Any additional places that will be required will be purchased on an individual basis and in some cases may be more expensive where bespoke placements are commissioned for young people with particularly challenging needs.

The Agency has been working to increase value for money in this area by, as outlined above, seeking to promote cost effectiveness within the different options available and also moving to fostering where appropriate.

The Agency intends to undertake a centre activity audit of all aspects of residential care in 2014, and this will allow for a level of comparison of cost of placement across private and public group children’s centres and individual placement arrangements.

 

Question 10: EU Commission Recommendation ‘investing in children: breaking the cycle of disadvantage’.

To ask the Minister what action the Government is taking to implement the EU Commission Recommendation (20 February 2013) Investing in children: breaking the cycle of disadvantage, concerning child poverty and well-being and, having acknowledged that tackling poverty requires a whole-of-Government approach, will DCYA carry out a social impact assessment on any fiscal adjustments in Budget 2015 and onwards?

Ireland, led by the Department of Children & Youth Affairs (the first such Department in any EU member state), is committed to improving the lives and experiences of Ireland’s children and young people.
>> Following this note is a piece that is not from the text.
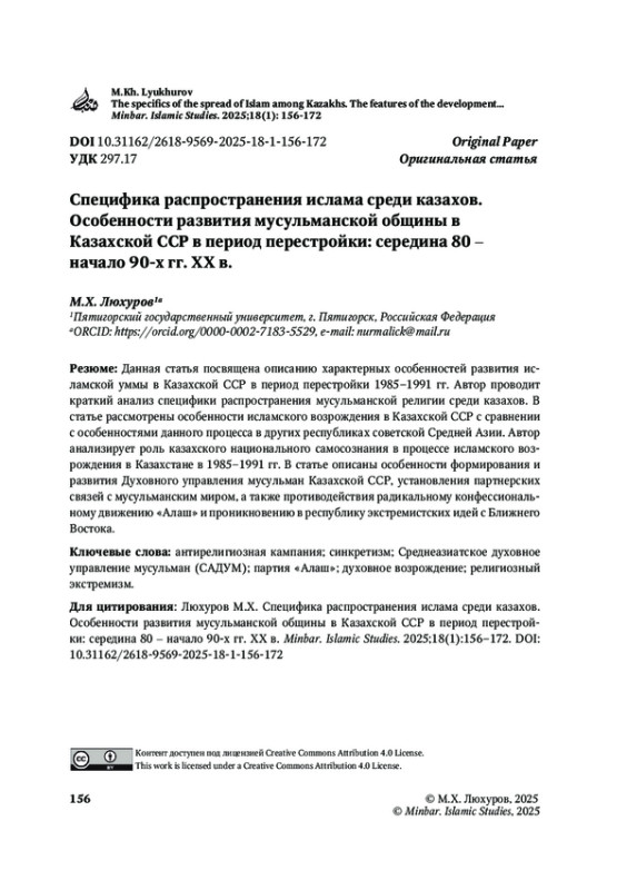 Данная статья посвящена описанию характерных особенностей развития исламской уммы в Казахской ССР в период перестройки 1985–1991 гг. Автор проводит краткий анализ специфики распространения мусульманской религии среди казахов. В статье рассмотрены особенности исламского возрождения в Казахской ССР с сравнении с особенностями данного процесса в других республиках советской Средней Азии. Автор анализирует роль казахского национального самосознания в процессе исламского возрождения в Казахстане в 1985–1991 гг. В статье описаны особенности формирования и развития Духовного управления мусульман Казахской ССР, установления партнерских связей с мусульманским миром, а также противодействия радикальному конфессиональному движению «Алаш» и проникновению в республику экстремистских идей с Ближнего Востока.

Many of the actions being implemented by this Government are in line with the EU Commission recommendation on ‘Investing in Children’ which was adopted by the Council of Ministers in 2013. These actions include:

·     Protecting and enhancing children’s rights on foot of the decision of the people in the Children’s Referendum 2012;

·     Improving child protection, welfare and family support services through the newly established Child & Family Agency;

·     Implementation of the recently-reviewed Youth Homelessness Strategy;

·     Continuing to be a world leader in both the areas of children’s participation (through the national Dáil na nÓg and local Comhairle na NÓg model); and childhood research (through the ‘Growing Up in Ireland’ longitudinal study and ‘State of the Nation’s Children’ reports).

Tackling Child Poverty

The EU recommendation on ‘Investing in Children’ includes a significant focus on tackling child poverty, referencing the ‘setting of national targets for reducing child poverty’ and access to quality services.

The draft National Policy Framework for Children & Young People, which is being prepared by my Department and which is due to be considered by Government shortly, currently includes a commitment to address child poverty.

With respect to services, my Department is responding through initiatives such as establishment of the Child & Family Agency (with an enhanced focus on prevention, early intervention and family support) and the roll-out of the €30m Area Based Childhood (ABC) Programme.

 

Early Years/Childcare

The EU recommendation on ‘Investing in Children’ recognises the importance of early childhood education and care. The EU Commission has set a target of member states having at least 95% of four year olds in pre-school. Ireland is in compliance with this target through provision of the free pre-school year.

The EU recommendation on ‘Investing in Children’ also recognises the importance of access to affordable childcare. In this context I announced a review of existing targeted childcare schemes to consider how best to structure future childcare support, to both support working families and to incentivise labour market activation, which could be expanded to more families as resources allow.

Delivering improvements in quality standards and staff qualifications is a critical precursor to any future expansion of universal childcare provision and/or Government supports. I have prioritised implementation of an eight-point Quality Agenda, and there has been significant and unprecedented progress in the implementation of this agenda over the past eight months. This will continue in 2014 with establishment of landmark new National Quality Support Service, which is being seen a significant development in the context of developing EU policy.

 

Social impact assessment

In February 2012, the Government decided to develop an integrated social impact assessment to strengthen implementation of the new national social target for poverty reduction and to facilitate greater policy coordination in the social sphere.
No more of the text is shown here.